DESCRIPTION OF THE TASK:
Transcribe all of the data exactly. Omit the pictures.

□ □ □

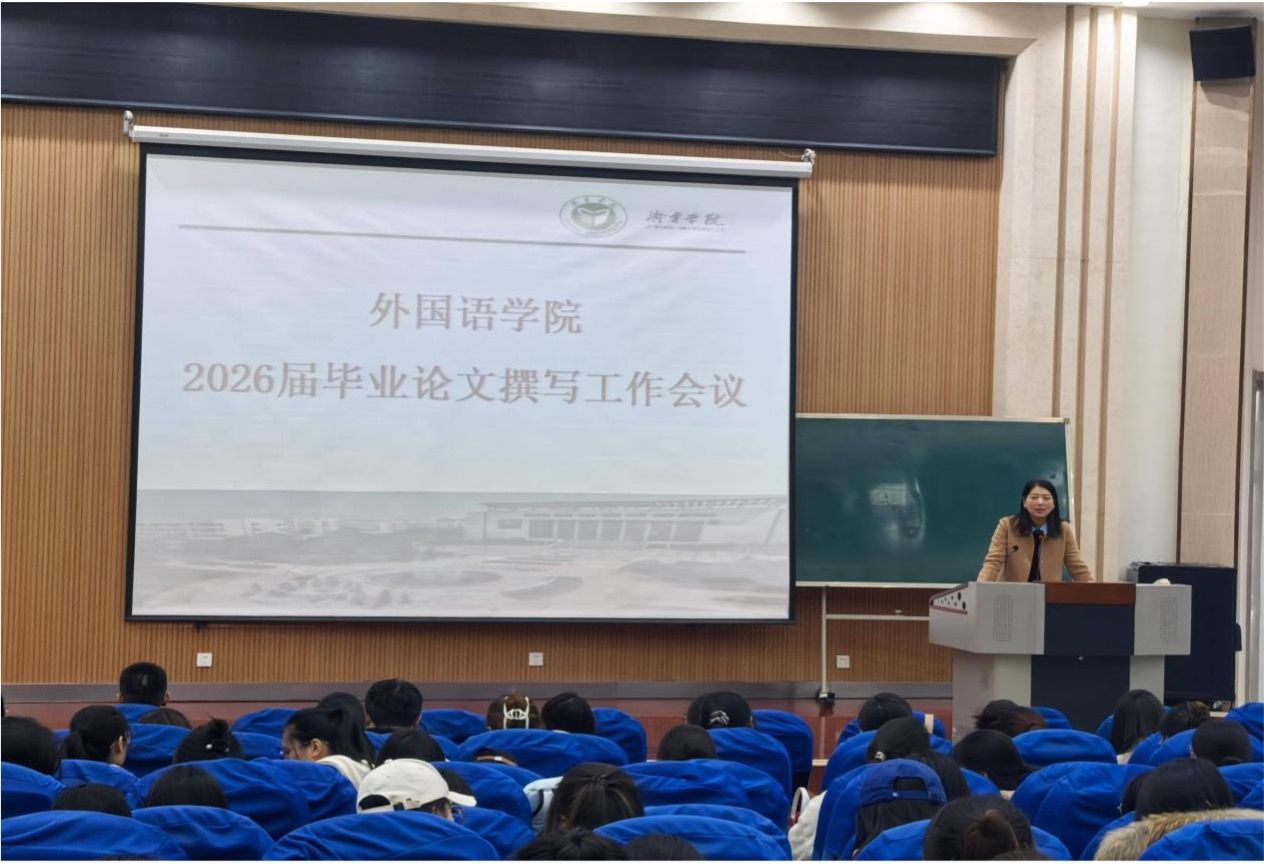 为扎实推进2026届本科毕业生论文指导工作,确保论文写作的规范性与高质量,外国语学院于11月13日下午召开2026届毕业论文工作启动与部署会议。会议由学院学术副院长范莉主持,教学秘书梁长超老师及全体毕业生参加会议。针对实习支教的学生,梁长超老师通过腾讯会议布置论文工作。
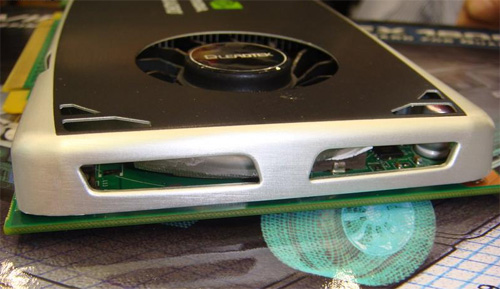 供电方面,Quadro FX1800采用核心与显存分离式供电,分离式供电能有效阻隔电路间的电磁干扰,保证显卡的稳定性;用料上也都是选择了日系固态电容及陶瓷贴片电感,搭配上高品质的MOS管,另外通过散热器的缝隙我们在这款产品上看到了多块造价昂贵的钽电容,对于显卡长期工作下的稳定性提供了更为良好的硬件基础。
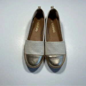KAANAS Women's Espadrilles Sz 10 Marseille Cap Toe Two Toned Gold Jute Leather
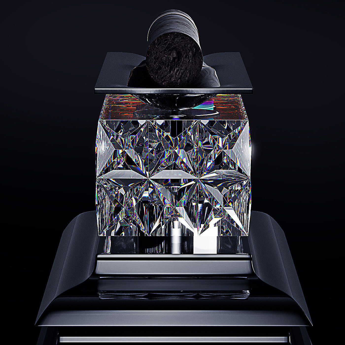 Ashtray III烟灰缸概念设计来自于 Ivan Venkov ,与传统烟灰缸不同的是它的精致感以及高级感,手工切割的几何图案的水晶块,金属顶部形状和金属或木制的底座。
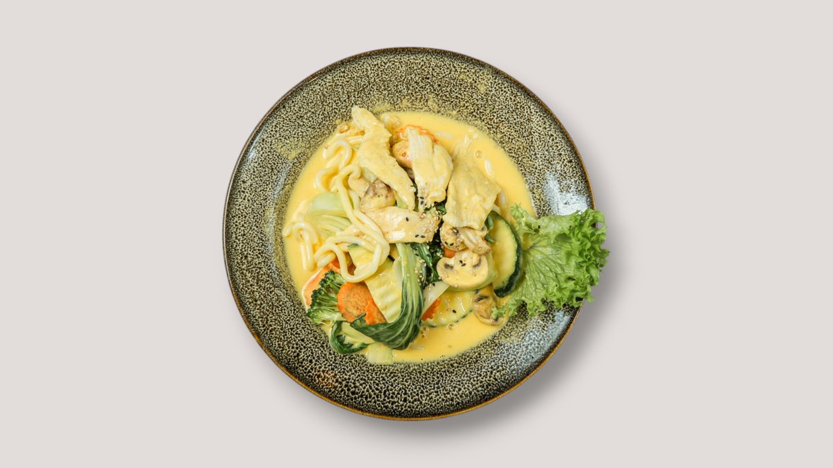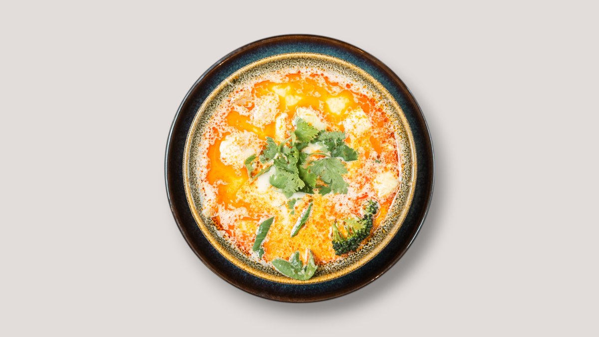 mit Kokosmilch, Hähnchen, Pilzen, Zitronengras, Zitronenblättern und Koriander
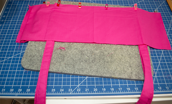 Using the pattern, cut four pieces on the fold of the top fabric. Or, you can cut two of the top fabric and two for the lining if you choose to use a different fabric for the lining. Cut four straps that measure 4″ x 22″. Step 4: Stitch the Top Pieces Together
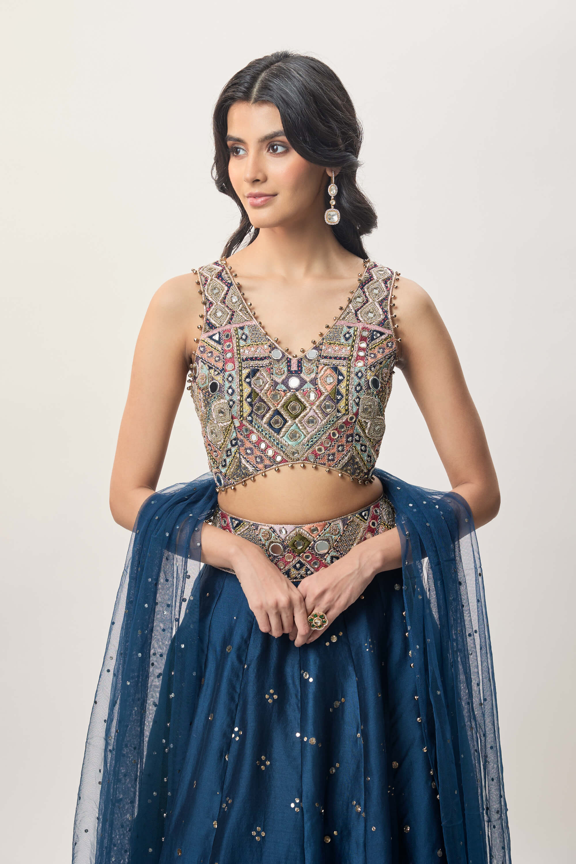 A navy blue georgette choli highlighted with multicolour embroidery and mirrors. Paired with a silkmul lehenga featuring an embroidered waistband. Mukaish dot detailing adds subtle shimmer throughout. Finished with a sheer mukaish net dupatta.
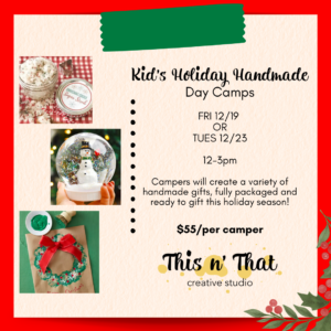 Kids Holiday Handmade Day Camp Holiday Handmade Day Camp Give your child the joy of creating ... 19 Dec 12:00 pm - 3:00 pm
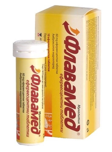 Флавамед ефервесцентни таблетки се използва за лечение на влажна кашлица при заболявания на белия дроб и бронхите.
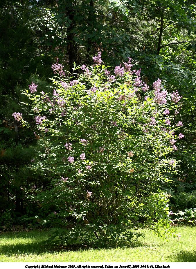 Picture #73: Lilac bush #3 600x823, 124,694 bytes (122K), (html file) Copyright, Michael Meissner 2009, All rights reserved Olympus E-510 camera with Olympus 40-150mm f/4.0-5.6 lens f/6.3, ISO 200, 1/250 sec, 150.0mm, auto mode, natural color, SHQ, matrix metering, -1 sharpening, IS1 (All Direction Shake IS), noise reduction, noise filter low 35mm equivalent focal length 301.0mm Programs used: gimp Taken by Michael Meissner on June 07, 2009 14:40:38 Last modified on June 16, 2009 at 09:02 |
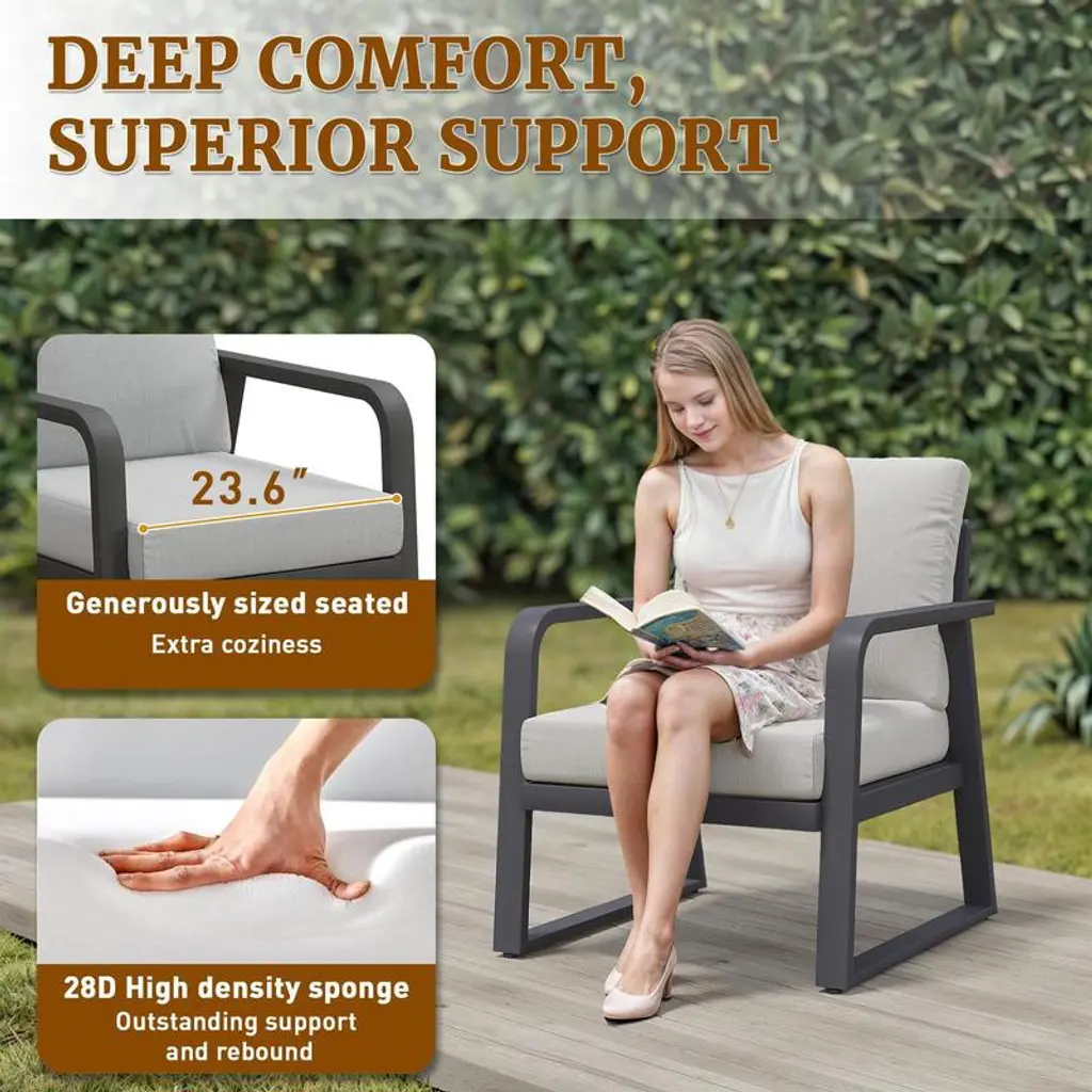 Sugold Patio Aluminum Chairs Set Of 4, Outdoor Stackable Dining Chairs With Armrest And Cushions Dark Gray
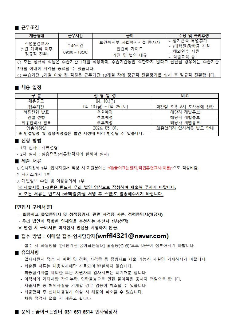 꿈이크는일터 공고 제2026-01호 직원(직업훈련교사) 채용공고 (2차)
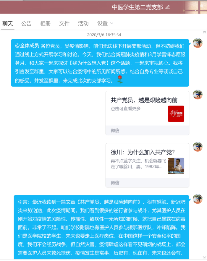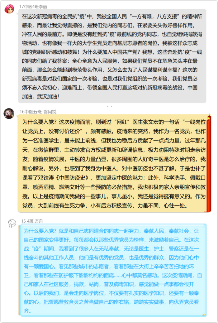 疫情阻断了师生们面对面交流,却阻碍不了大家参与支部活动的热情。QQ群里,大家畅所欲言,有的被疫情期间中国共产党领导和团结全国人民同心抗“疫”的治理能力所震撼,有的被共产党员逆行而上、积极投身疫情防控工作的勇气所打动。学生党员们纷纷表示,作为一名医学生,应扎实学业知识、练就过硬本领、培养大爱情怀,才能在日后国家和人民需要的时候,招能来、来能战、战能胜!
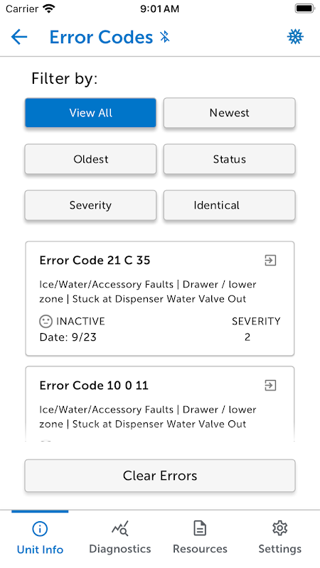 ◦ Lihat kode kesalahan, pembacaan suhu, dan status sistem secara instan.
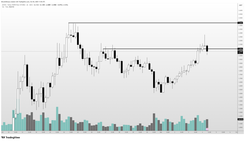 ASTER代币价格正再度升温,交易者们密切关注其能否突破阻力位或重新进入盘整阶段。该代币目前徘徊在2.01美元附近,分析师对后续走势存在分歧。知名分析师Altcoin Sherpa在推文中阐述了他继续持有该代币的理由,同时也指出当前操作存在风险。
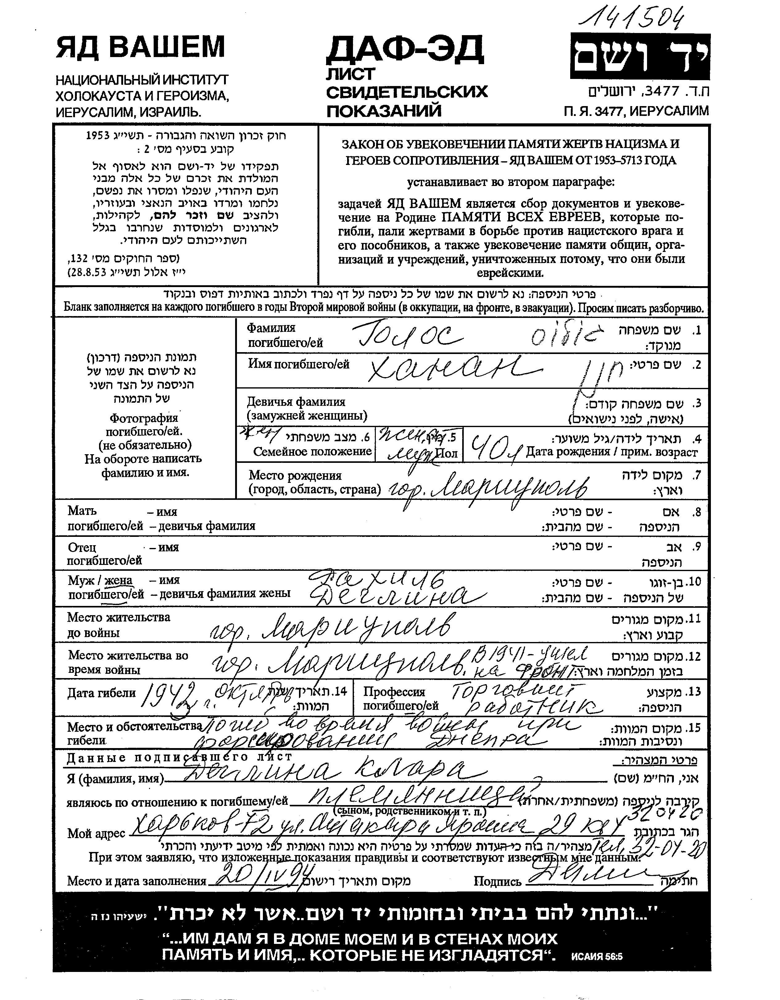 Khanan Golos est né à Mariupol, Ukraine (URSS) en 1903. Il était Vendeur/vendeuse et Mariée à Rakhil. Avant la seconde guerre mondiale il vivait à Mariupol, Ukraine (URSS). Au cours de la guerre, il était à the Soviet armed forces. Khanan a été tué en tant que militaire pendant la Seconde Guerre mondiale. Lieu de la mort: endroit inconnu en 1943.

□ □ □

EXERCISE RESULT:
 为扎实推进2026届本科毕业生论文指导工作,确保论文写作的规范性与高质量,外国语学院于11月13日下午召开2026届毕业论文工作启动与部署会议。会议由学院学术副院长范莉主持,教学秘书梁长超老师及全体毕业生参加会议。针对实习支教的学生,梁长超老师通过腾讯会议布置论文工作。
 供电方面,Quadro FX1800采用核心与显存分离式供电,分离式供电能有效阻隔电路间的电磁干扰,保证显卡的稳定性;用料上也都是选择了日系固态电容及陶瓷贴片电感,搭配上高品质的MOS管,另外通过散热器的缝隙我们在这款产品上看到了多块造价昂贵的钽电容,对于显卡长期工作下的稳定性提供了更为良好的硬件基础。
KAANAS Women's Espadrilles Sz 10 Marseille Cap Toe Two Toned Gold Jute Leather
 Ashtray III烟灰缸概念设计来自于 Ivan Venkov ,与传统烟灰缸不同的是它的精致感以及高级感,手工切割的几何图案的水晶块,金属顶部形状和金属或木制的底座。
 mit Kokosmilch, Hähnchen, Pilzen, Zitronengras, Zitronenblättern und Koriander
 Using the pattern, cut four pieces on the fold of the top fabric. Or, you can cut two of the top fabric and two for the lining if you choose to use a different fabric for the lining. Cut four straps that measure 4″ x 22″. Step 4: Stitch the Top Pieces Together
 A navy blue georgette choli highlighted with multicolour embroidery and mirrors. Paired with a silkmul lehenga featuring an embroidered waistband. Mukaish dot detailing adds subtle shimmer throughout. Finished with a sheer mukaish net dupatta.
 Kids Holiday Handmade Day Camp Holiday Handmade Day Camp Give your child the joy of creating ... 19 Dec 12:00 pm - 3:00 pm
 Флавамед ефервесцентни таблетки се използва за лечение на влажна кашлица при заболявания на белия дроб и бронхите.
 Picture #73: Lilac bush #3 600x823, 124,694 bytes (122K), (html file) Copyright, Michael Meissner 2009, All rights reserved Olympus E-510 camera with Olympus 40-150mm f/4.0-5.6 lens f/6.3, ISO 200, 1/250 sec, 150.0mm, auto mode, natural color, SHQ, matrix metering, -1 sharpening, IS1 (All Direction Shake IS), noise reduction, noise filter low 35mm equivalent focal length 301.0mm Programs used: gimp Taken by Michael Meissner on June 07, 2009 14:40:38 Last modified on June 16, 2009 at 09:02 |
 Sugold Patio Aluminum Chairs Set Of 4, Outdoor Stackable Dining Chairs With Armrest And Cushions Dark Gray
 꿈이크는일터 공고 제2026-01호 직원(직업훈련교사) 채용공고 (2차)
 疫情阻断了师生们面对面交流,却阻碍不了大家参与支部活动的热情。QQ群里,大家畅所欲言,有的被疫情期间中国共产党领导和团结全国人民同心抗“疫”的治理能力所震撼,有的被共产党员逆行而上、积极投身疫情防控工作的勇气所打动。学生党员们纷纷表示,作为一名医学生,应扎实学业知识、练就过硬本领、培养大爱情怀,才能在日后国家和人民需要的时候,招能来、来能战、战能胜!
 ◦ Lihat kode kesalahan, pembacaan suhu, dan status sistem secara instan.
 ASTER代币价格正再度升温,交易者们密切关注其能否突破阻力位或重新进入盘整阶段。该代币目前徘徊在2.01美元附近,分析师对后续走势存在分歧。知名分析师Altcoin Sherpa在推文中阐述了他继续持有该代币的理由,同时也指出当前操作存在风险。
 Khanan Golos est né à Mariupol, Ukraine (URSS) en 1903. Il était Vendeur/vendeuse et Mariée à Rakhil. Avant la seconde guerre mondiale il vivait à Mariupol, Ukraine (URSS). Au cours de la guerre, il était à the Soviet armed forces. Khanan a été tué en tant que militaire pendant la Seconde Guerre mondiale. Lieu de la mort: endroit inconnu en 1943.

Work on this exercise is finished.